After this, running dmesg
after boot should show messages related to
IOMMU/DMAR being enabled.
Next we need to check the IOMMU groups. It is only possible to pass a whole VM
group to a VM, not only part of its devices. First ensure
/sys/kernel/iommu_groups/
exists and has a few directories. Then, run the
following command in your terminal:
for g in $(find /sys/kernel/iommu_groups/* -maxdepth 0 -type d | sort -V); do
echo "IOMMU Group ${g##*/}:"
for d in $g/devices/*; do
echo -e "\t$(lspci -nns ${d##*/})"
done;
done;
If the NIC does not have its own IOMMU group, try plugging it into a different slot on the main board. Typically, the “primary” or first slot of a mainboard has its own IOMMU group at least.
VFIO¶
To assign the device to the VM, we need to unbind its original driver (e.g.,
mlx5_core
for Mellanox cards), and bind it to the vfio-pci
driver.
First, find the BDF (bus:device.function, basically the physical slot of the PCI card) and vendor:device pair of the card:
$ lspci -nn
...
b3:00.0 Ethernet controller [0200]: Mellanox Technologies MT27700 Family [ConnectX-4] [15b3:1013]
...
We can see here that its BDF is b3:00.0
(in full form, 0000:b3:00.0
, and
the vendor:device pair is 15b3:1013
.
Now, check which driver is in use for this device:
$ lspci -d 15b3:1013 -k
b3:00.0 Ethernet controller: Mellanox Technologies MT27700 Family [ConnectX-4]
Subsystem: Mellanox Technologies MT27700 Family [ConnectX-4]

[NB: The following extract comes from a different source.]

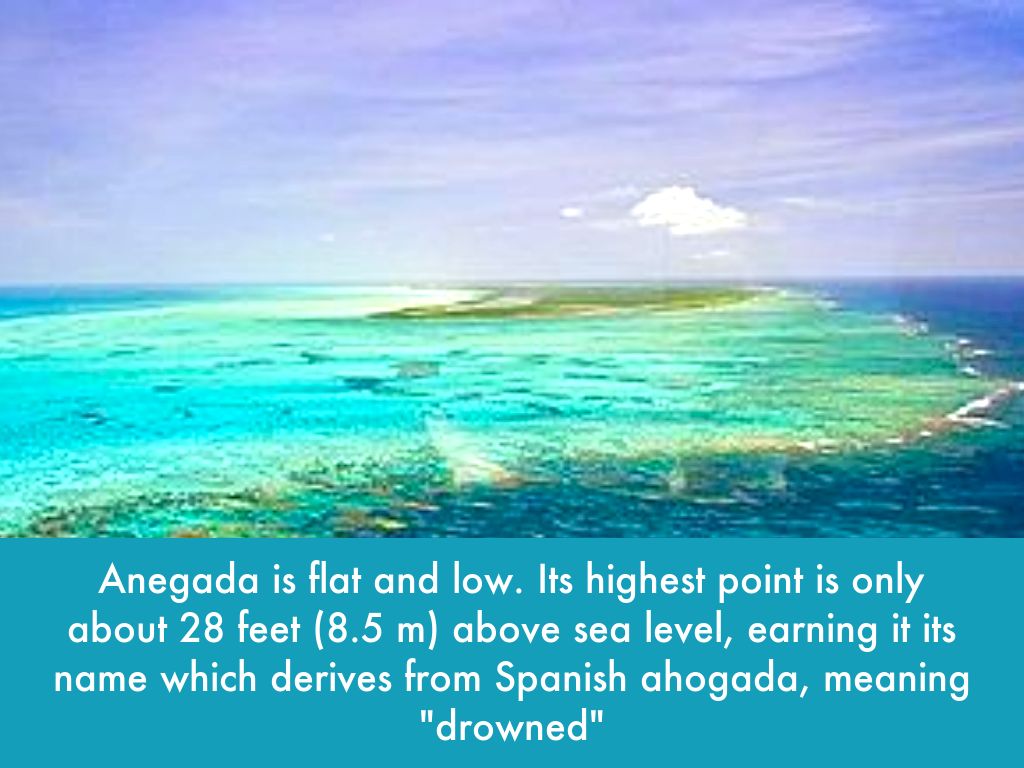 Anegada is flat and low. Its highest point is only about 28 feet (8.5 m) above sea level, earning it its name which derives from Spanish ahogada, meaning "drowned"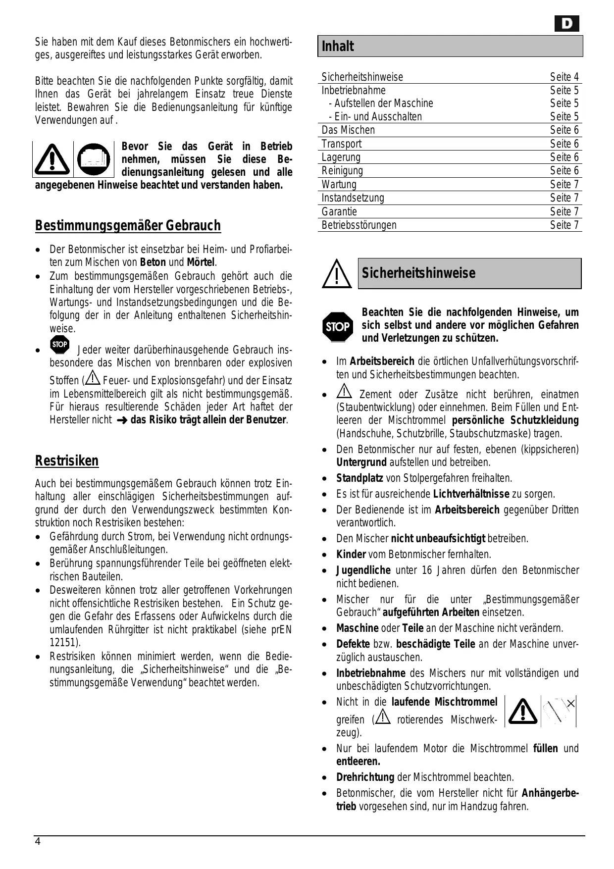 Sie haben mit dem Kauf dieses Betonmischers ein hochwerti- ges, ausgereiftes und leistungsstarkes Gerät erworben. Bitte beachten Sie die nachfolgenden Punkte sorgfältig, damit lhnen das Gerät bei jahrelangem Einsatz treue Dienste leistet. Bewahren Sie die Bedienungsanleitung für künftige Verwendungen auf. Bevor Sie das Gerät in Betrieb A nehmen, müssen Sie diese Be- dienungsanleitung gelesen und alle angegebenen Hinweise beachtet und verstanden haben, Bestimmungsgemäker Gebrauch + Der Betonmischer ist einsetzbar bei Heim- und Profiarbei- ten zum Mischen von Beton und Môrtel. e Zum bestimmungsgemäRen Gebrauch gehôrt auch die Einhaltung der vom Hersteller vorgeschriebenen Betriebs-, Wartungs- und Instandsetzungsbedingungen und die Be- folgung der in der Anleitung enthaltenen Sicherheitshin- weise. . [or] Jeder weiter darüberhinausgehende Gebrauch ins- besondere das Mischen von brennbaren oder explosiven Stoffen À Feuer- und Explosionsgefahr) und der Einsatz im Lebensmittelbereich gilt als nicht bestimmungsgemäk. Für hieraus resultierende Schäden jeder Art haftet der Hersteller nicht = das Risiko trägt allein der Benutzer. Restrisiken Auch bei bestimmungsgemäem Gebrauch kônnen trot Ein- haltung aller einschlägigen Sicherheitsbestimmungen auf- grund der durch den Verwendungszweck bestimmten Kon- struktion noch Restrisiken bestehen: e_ Gefährdung durch Strom, bei Verwendung nicht ordnungs- gemäer AnschluRleitungen. *_ Berührung spannungsführender Teile bei geôffneten elekt- rischen Bauteilen. < Desweiteren kônnen trot aller getroffenen Vorkehrungen nicht offensichtliche Restrisiken bestehen. Ein Schutz ge- gen die Gefahr des Erfassens oder Aufwickelns durch die umlaufenden Rührgitter ist nicht praktikabel (siehe pre 12151). e Restrsiken kônnen minimiert werden, wenn die Bedie- nungsanleitung, die ,Sicherheitshinweise" und die ,Be- stimmungsgemäRe Verwendung" beachtet werden. Inhalt Sicherheitshinweise Seite 4 Inbetriebnahme Seite 5 Aufstellen der Maschine Seite 5 Ein- und Ausschalten Seite 5 Das Mischen Seite 6 Transport Seite 6 Lagerung Seite 6 Reinigung Seite 6 Wartung Seite 7 Instandsetzung Seite 7 Garantie Seite 7 Betriebsstôrungen Seite 7

Kernel driver in use: mlx5_core
Kernel modules: mlx5_core
Which is the mlx5_core
Mellanox driver. We need to unbind this driver from
the card:
echo 0000:b3:00.0 | sudo tee /sys/bus/pci/drivers/mlx5_core/unbind
Then, allow vfio-pci
to bind to this device:
echo 15b3 1013 | sudo tee /sys/bus/pci/drivers/vfio-pci/new_id
When running lspci -d 15b3:1013 -k
again, it should report Kernel driver
in use: vfio-pci
. If this is not already the case, execute the following
command to force the binding:
echo 0000:b3:00.0 | sudo tee /sys/bus/pci/drivers/vfio-pci/bind
QEMU¶
To pass the device to the VM, we add the -device vfio-pci,host=<BDF>
option
to qemu:
sudo qemu-system-x86_64 -m 8G -enable-kvm -cpu host -device vfio-pci,host=b3:00.0 -nographic -serial mon:stdio debian.img
We run this with sudo
, otherwise we get errors about mapping memory and
such.
Inside the VM, we should see the card show up like it did on the host before:
vm $ lspci -d 15b3:1013 -k
00:04.0 Ethernet controller: Mellanox Technologies MT27700 Family [ConnectX-4]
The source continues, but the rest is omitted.